You will not be allowed to drive for 6 weeks  (insurers will not cover you in case of accident) if the joint replacement involves your right leg. If you drive an automatic and the left leg is being operated on, you may return to driving sooner should you feel confident behind the wheel and able to easily enter and exit the drivers seat.

 

Direct Anterior Approach Total Hip Replacement:

Dr Fleming usually  performs total hip replacement through the minimally invasive direct anterior approach which is an intrinsically stable procedure: therefore you do not need to modify your home toilet/chair heights.

 

Posterior Approach Total Hip Replacement:

If you are undergoing revision hip replacement or posterior approach, precautions will apply for 6 weeks following surgery. You will need to avoid sitting in low chairs and rotating the leg internally (knee inward) as this carries a dislocation risk.

 

An extend-a-hand (available from larger chemists or Bunnings), a long pair of BBQ tongs and a long shoe horn will make picking up light objects from ground level easier and can also be helpful for dressing.
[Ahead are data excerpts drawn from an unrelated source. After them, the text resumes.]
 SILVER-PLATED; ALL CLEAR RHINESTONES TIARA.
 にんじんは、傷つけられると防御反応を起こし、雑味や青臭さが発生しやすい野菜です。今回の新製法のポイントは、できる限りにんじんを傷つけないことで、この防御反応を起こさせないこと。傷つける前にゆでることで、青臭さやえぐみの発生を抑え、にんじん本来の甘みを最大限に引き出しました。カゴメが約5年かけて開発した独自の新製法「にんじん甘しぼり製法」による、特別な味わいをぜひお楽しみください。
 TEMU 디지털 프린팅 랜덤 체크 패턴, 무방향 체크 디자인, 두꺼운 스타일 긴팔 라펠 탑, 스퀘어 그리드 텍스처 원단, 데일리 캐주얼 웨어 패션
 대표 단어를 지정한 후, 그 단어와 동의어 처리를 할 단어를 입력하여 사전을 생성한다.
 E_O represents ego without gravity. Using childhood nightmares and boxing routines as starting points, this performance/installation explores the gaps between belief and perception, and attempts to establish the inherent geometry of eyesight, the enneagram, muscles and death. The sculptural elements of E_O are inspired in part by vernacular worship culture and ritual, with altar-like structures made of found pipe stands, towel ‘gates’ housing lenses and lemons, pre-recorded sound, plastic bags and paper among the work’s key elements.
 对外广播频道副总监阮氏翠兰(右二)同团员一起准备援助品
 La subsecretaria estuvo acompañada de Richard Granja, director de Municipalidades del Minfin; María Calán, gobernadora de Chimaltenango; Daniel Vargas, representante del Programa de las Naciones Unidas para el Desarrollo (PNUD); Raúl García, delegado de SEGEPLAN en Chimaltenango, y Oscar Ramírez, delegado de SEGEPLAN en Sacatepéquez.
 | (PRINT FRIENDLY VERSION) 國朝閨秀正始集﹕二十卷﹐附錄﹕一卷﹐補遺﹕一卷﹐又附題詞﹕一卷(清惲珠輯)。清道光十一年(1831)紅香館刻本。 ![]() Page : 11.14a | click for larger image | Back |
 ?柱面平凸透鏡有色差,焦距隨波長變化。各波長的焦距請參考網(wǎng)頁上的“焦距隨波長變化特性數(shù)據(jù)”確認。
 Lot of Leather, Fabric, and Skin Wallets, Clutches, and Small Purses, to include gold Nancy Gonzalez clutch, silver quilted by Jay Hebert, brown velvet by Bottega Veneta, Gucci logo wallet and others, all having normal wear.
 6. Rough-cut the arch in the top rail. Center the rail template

Arrange for your pets to be looked after for the first 2 weeks or make sure they stay outside - you don’t want to be tripped up by your best friend!

Make your home as clutter-free as possible. You will be using crutches for the first 7 days 

Consider installing a hand-held shower head and a wall-fixed hand rail for stability.

 

Stock up:

  • Easy-to-prepare food such as frozen meals.

  • Projects to keep you occupied during your convalescence (e.g. DVDs /videos, organising photo albums). You will be limited in your ability to travel without support and may become bored if you have not planned ahead.

 

Purchase:

Vitamin C 1000mg a day and standard iron supplements to take for the first 2 weeks after you return from hospital as this helps the soft tissues heal and the blood to regain its haemoglobin concentration after joint replacement surgery.

 

Carers need to be available for 6 weeks following surgery.

Arranging support at home: Please explore all options to ensure that you have someone with you.

Ideally, this should be day and night for approximately a week after your hospital discharge.

Standby shower assistance: Almost all patients will be able to shower themselves independently by the time they leave hospital, however, you will need someone nearby who can help dry your feet and back if necessary.

 

Meal Preparation:

Assisting with meal preparation is a key reason that we recommend you have someone stay with you.

  • You cannot carry plates and other crockery while on 2 crutches.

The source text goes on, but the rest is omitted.